HAMP - The Microwave Package on the High Altitude and LOng Range Research Aircraft (HALO)
Mech, Mario1; Orlandi, Emiliano1; Ament, Felix2; Hirsch, Lutz3; Crewell, Susanne1
1University of Cologne, GERMANY; 2University of Hamburg, GERMANY; 3Max-Planck Institut for Meteorology Hamburg, GERMANY

Clouds and precipitation play an important role in the atmospheric water cycle and radiation budget. Unfortunately, the understanding of the processes involved in cloud and precipitation formation and their description in global and regional models are still poor. To improve our understanding of these processes and to reduce model uncertainties, new observation and retrieval techniques are needed. The upcoming Global Precipitation Mission (GPM) provides a combination of a 36 GHz cloud radar and a suite of passive microwave instruments. For this and other upcoming missions, airborne platforms are a useful tool to develop and test the algorithms exploiting the synergy of active and passive microwave instruments, and to validate satellite measurements and retrievals.

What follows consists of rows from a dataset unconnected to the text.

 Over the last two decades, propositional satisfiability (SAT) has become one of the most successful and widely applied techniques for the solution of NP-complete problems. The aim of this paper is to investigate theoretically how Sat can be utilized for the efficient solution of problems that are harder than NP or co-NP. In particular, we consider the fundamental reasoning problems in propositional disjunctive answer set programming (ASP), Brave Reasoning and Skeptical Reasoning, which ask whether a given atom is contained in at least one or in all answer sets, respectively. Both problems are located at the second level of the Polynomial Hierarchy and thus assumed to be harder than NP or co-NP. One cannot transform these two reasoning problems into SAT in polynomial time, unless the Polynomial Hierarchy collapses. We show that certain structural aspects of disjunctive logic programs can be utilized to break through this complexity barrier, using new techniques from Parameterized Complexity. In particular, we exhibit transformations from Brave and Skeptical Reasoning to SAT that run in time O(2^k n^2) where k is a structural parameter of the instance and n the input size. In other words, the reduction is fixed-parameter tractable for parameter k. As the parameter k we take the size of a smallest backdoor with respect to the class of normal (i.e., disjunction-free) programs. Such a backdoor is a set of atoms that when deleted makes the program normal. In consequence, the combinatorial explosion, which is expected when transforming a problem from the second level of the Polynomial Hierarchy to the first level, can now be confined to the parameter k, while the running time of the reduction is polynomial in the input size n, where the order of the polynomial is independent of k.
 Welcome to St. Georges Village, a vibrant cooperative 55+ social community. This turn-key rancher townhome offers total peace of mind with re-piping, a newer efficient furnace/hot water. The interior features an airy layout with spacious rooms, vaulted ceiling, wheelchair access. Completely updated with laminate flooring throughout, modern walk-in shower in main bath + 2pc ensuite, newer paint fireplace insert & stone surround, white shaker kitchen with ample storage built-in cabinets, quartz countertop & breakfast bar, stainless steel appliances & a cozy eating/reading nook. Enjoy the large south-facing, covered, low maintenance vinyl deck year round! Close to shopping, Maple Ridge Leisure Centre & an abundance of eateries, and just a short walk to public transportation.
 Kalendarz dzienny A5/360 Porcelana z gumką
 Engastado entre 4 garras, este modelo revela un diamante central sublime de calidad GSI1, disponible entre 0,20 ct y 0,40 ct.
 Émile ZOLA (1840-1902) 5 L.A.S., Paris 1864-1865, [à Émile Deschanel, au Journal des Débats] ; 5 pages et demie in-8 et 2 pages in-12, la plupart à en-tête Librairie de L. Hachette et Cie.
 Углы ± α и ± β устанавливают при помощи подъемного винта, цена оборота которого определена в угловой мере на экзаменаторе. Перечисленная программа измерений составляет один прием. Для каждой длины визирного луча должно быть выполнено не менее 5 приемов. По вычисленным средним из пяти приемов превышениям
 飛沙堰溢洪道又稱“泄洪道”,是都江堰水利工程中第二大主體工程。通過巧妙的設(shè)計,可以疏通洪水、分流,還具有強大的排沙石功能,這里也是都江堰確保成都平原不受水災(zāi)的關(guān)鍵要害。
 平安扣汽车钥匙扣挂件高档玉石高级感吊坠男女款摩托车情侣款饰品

In this respect, a microwave package for the High Altitude LOng (HALO) range research aircraft HAMP (HAMP, HALO Microwave Package), consisting of a 36 GHz Doppler cloud radar and a 26-channel radiometer, has been developed. HAMP radiometers have frequencies along absorption lines (22, 60, 118 and 183 GHz) and in window regions, overlapping with those of AMSU A and B. HAMP will participate in 2013/2014 in the dedicated remote sensing HALO mission NARVAL (Next-generation Aircraft Remote-sensing for VALidation studies). The NARVAL mission is split in two objectives. The first part investigates post-frontal precipitation over the North Atlantic, that is often missed or too weak in satellite retrievals, but shown in ship observations. The second part focuses on shallow cumulus clouds in the Carribean area. During NARVAL, the HALO payload will include a water vapor lidar and drop sondes in addition to HAMP. The NARVAL campaign will thus be an excellent opportunity to test the newly developed remote sensing instruments and retrieval algorithm, which exploits the synergy between passive and active microwave observations.

This presentation introduces the microwave package operated on HALO. We will show the results obtained during a demo mission (NARVAL-D) in May 2013. During this mission, HALO with the NARVAL payload on board will fly over several super sites with ground-based remote sensing instruments in Central Europe for test and validation purposes. The potential of the selected passive microwave frequencies for the retrieval of temperature and humidity profiles, especially upper tropospheric water vapor, is investigated. Furthermore, the capability of HAMP for hydrometeor observations and the retrieval of integrated contents and profiles is investigated by developing retrieval algorithms based on a data set of simulated brightness temperatures, radar reflectivities, and concurrent hydrometeor contents and profiles. Radar reflectivities and radiometer brightness temperatures are calculated with the radiative transfer model PAMTRA (Passive and Active Microwave TRAnsfer). The atmospheric state and hydrometeor content profiles, used as input for PAMTRA, are supplied by high-resolution (2.5 km) simulations from the limited area model COSMO-DE including two-moment cloud microphysics. Numerous COSMO-DE simulations of precipitating frontal systems crossing the North Atlantic are used to create a database of clear-sky, cloudy, and precipitating profiles and corresponding brightness temperatures and reflectivities. The different sensitivities of the various passive microwave frequencies to varying hydrometeor contents and surface properties can be clearly seen. Additionally, the results of retrieval approaches, based on the simulation database, for hydrometeor contents over ocean and land combining the active and passive information are presented.